The integration of B₄C particles into the denim–superglue matrix resulted in a marked further enhancement of the water contact angle to 133 ± 4°, placing the DSGB composite firmly within the strongly hydrophobic regime and approaching the superhydrophobic threshold (≥150°). This substantial increase of ~28° relative to the unreinforced DSG substrate is attributed to the synergistic interaction between two concurrent mechanisms. First, the B₄C particles introduce a well-defined micro-topography on the composite surface, promoting a Cassie–Baxter wetting regime in which trapped air pockets beneath the droplet reduce the effective solid–liquid contact area, thereby amplifying the apparent contact angle [35]. Second, the progressive coverage of residual polar hydroxyl groups (–OH) on the denim fibers by the ceramic particles further reduces the surface's affinity for water molecules. Recent studies on B₄C composites highlight that their surface performance is highly dependent on preparation processes that govern interfacial bonding and reinforcement distribution [36], consistent with the particle dispersion behavior observed in the SEM analysis of the present study.
Beyond its wetting properties, the incorporation of B₄C significantly enhances the mechanical durability of the composite surface. While conventional water-repellent textile coatings often degrade under physical stress, the exceptional hardness of B₄C particles (~9.5 on the Mohs scale) provides robust, armor-like reinforcement within the cyanoacrylate matrix [37]. The cyanoacrylate acts as a high-strength structural binder, ensuring that the ceramic particles remain firmly anchored to the textile fibers even under abrasion, thereby preserving the micro-topography responsible for the observed hydrophobic behavior over time. Furthermore, the well-known chemical inertness of B₄C ensures that the composite's water-repellent properties are not compromised by environmental exposure or chemical degradation [38]. Consequently, the DSGB composite does not merely offer passive moisture management, but functions simultaneously as a mechanically robust, chemically stable, and moisture-resistant material system — a combination of properties of direct relevance to the engineering of high-performance technical textiles and personal protective equipment.

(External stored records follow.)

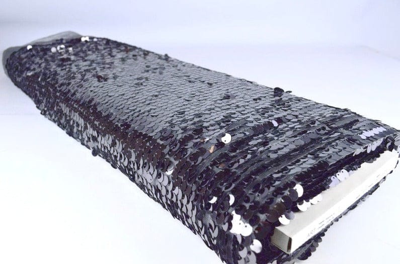 MÖRKGRÅ PALJETTYG MED STORA PALJETTER OCH STRETCH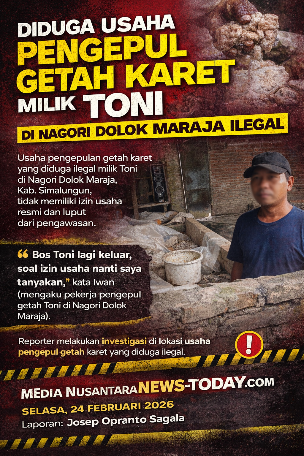 SIMALUNGUN – Praktik usaha pengepul getah karet milik seorang oknum warga berinisial Toni di Nagori Dolok Maraja, Kabupaten Simalungun, kini menjadi sorotan tajam. Pasalnya, usaha yang telah beroperasi lama tersebut diduga kuat tidak mengantongi izin resmi (Ilegal) dan sengaja menghindari kewajiban pajak negara, Rabu (25/02/2026).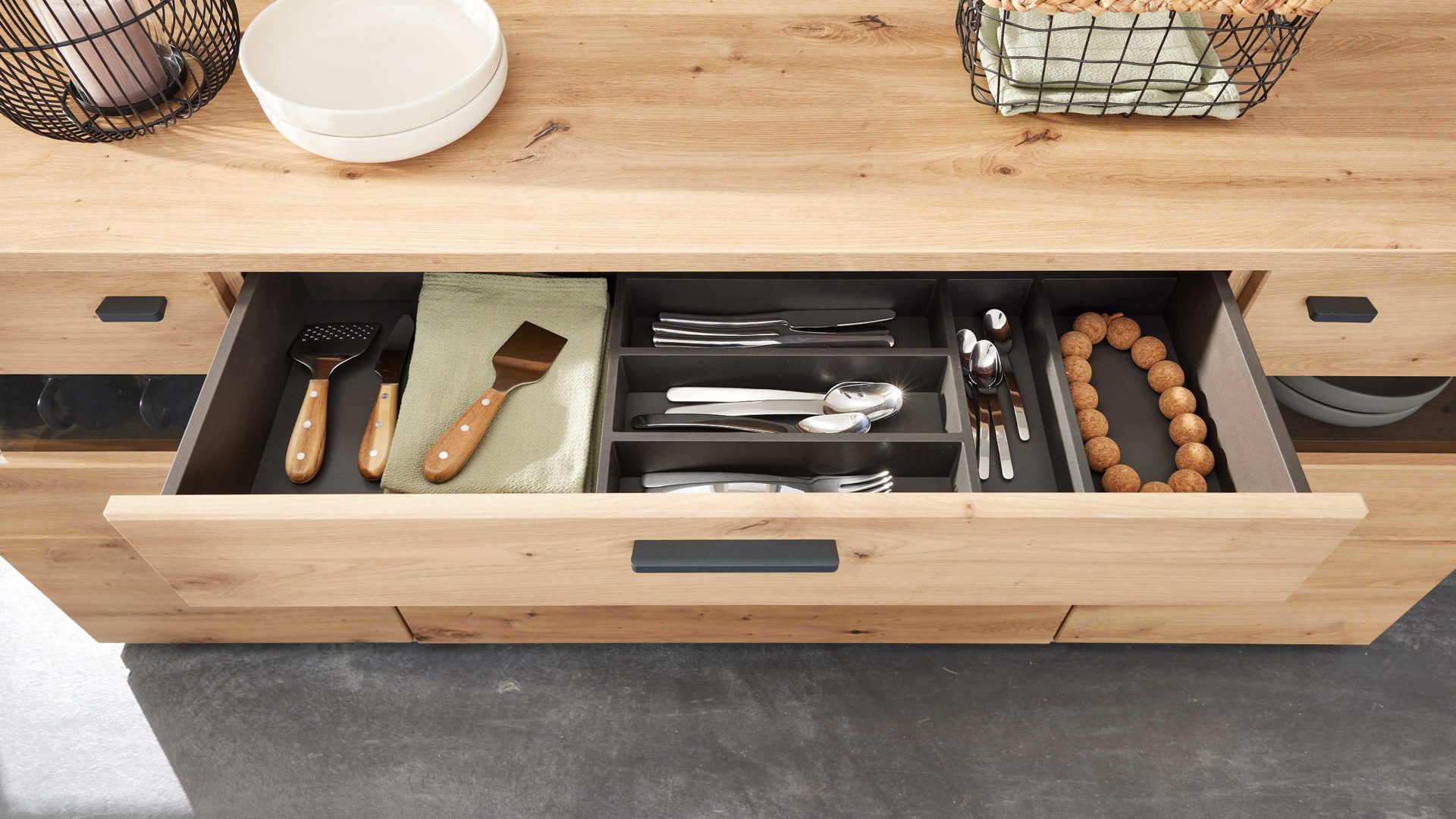 Das Türenelement auf der linken Seite ist links angeschlagen und verfügt über einen Glaseinsatz auf der linken Außenseite. Im Inneren sorgen ein höhenverstellbarer und zwei feste Holzböden für vielseitige Nutzungsmöglichkeiten – perfekt zur stilvollen Präsentation von Gläsern, Geschirr oder Deko. Maße: ca. 45 x 86 x 40 cm (BxHxT). Das Schubladenelement in der Mitte bietet mit vier geräumigen Schubladen reichlich Platz für Besteck, Tischwäsche oder Alltagsutensilien. Dank Soft-Close-Technik schließen die Schubladen leise und sanft – für komfortable Handhabung im Alltag. Maße: ca. 90 x 86 x 40 cm (BxHxT). Das Türenelement auf der rechten Seite ist spiegelbildlich zur linken Vitrine gestaltet – ebenfalls mit einem Glaseinsatz, einem höhenverstellbaren und zwei festen Holzböden. Maße: ca. 45 x 86 x 40 cm (BxHxT).

3.3. X-ray Diffraction Measurements

The crystalline structure and phase composition of the pristine materials and the fabricated composites ((DSG and DSGB) were investigated by X-ray diffraction (XRD), as shown in Figure 3. In particular, the XRD pattern of the pristine denim (D) exhibits the characteristic diffraction peaks of cellulose I, with prominent reflections at 2θ ≈ 14.8°, 16.5°, and a sharp primary peak at 22.7°, corresponding to the (200) crystallographic plane, thereby confirming the semicrystalline nature of the cotton fibers. According to the literature, denim fabric, being a cotton-based textile, is primarily composed of cellulose (~90–95%), with the remaining fraction consisting of hemicellulose, lignin, and natural waxes [32,39]. These components dictate its semi-crystalline behavior, as the crystalline regions of cellulose are embedded within an amorphous matrix of hemicellulose and lignin [40]. Recent studies on the valorization of textile waste emphasize that the structural integrity of these natural fibers is critical for the mechanical performance of reinforced composites[40].
On the other hand, the reference Boron Carbide (Β4C) powder used as the ceramic additive in the composite exhibits a highly crystalline profile with sharp Bragg reflections at 2θ≈23.5ο, 35ο and 38ο, consistent with its rhombohedral structure as reported in ceramic filler research [42]. As observed in Figure 3, the presence of boron carbide becomes clearly detectable in the DSGB samples containing 7 wt% and 10 wt% B₄C, as evidenced by Bragg reflections at 2θ ≈ 23.5° (manifested as an asymmetry of the main peak at higher angles) as well as at 35° and 38°, which appear as clearly resolved new diffraction peaks. In addition, a clear concentration dependence is observed, as the relative intensity of the characteristic Β4C peaks increases proportionally with the filler loading. On the other hand, following the incorporation of the cyanoacrylate matrix into the denim structure, the DSG and DSGB composites maintain the characteristic cellulose diffraction peaks, although slight peak broadening and an increase in the amorphous background are observed. This is attributed to the intrinsically amorphous nature of the superglue polymer, which partially encapsulates the denim fibers and exhibits a broad scattering contribution mainly centered around 2θ ≈ 15° and 32°, as also evidenced by the diffraction pattern (Figure 3) of the neat superglue phase (SG). The simultaneous presence of both cellulose and B₄C diffraction peaks, together with the absence of significant peak shifts, suggests that the incorporation of the cyanoacrylate matrix and ceramic filler into the denim structure primarily results in physical integration and interfacial interactions, without the formation of new crystalline phases or significant structural transformations. This interpretation is further supported by the observed peak broadening and increased amorphous background, which are attributed to partial encapsulation of the cellulose fibers by the amorphous polymer phase, in agreement with recent findings on high-strength textile-reinforced polymer composites [43].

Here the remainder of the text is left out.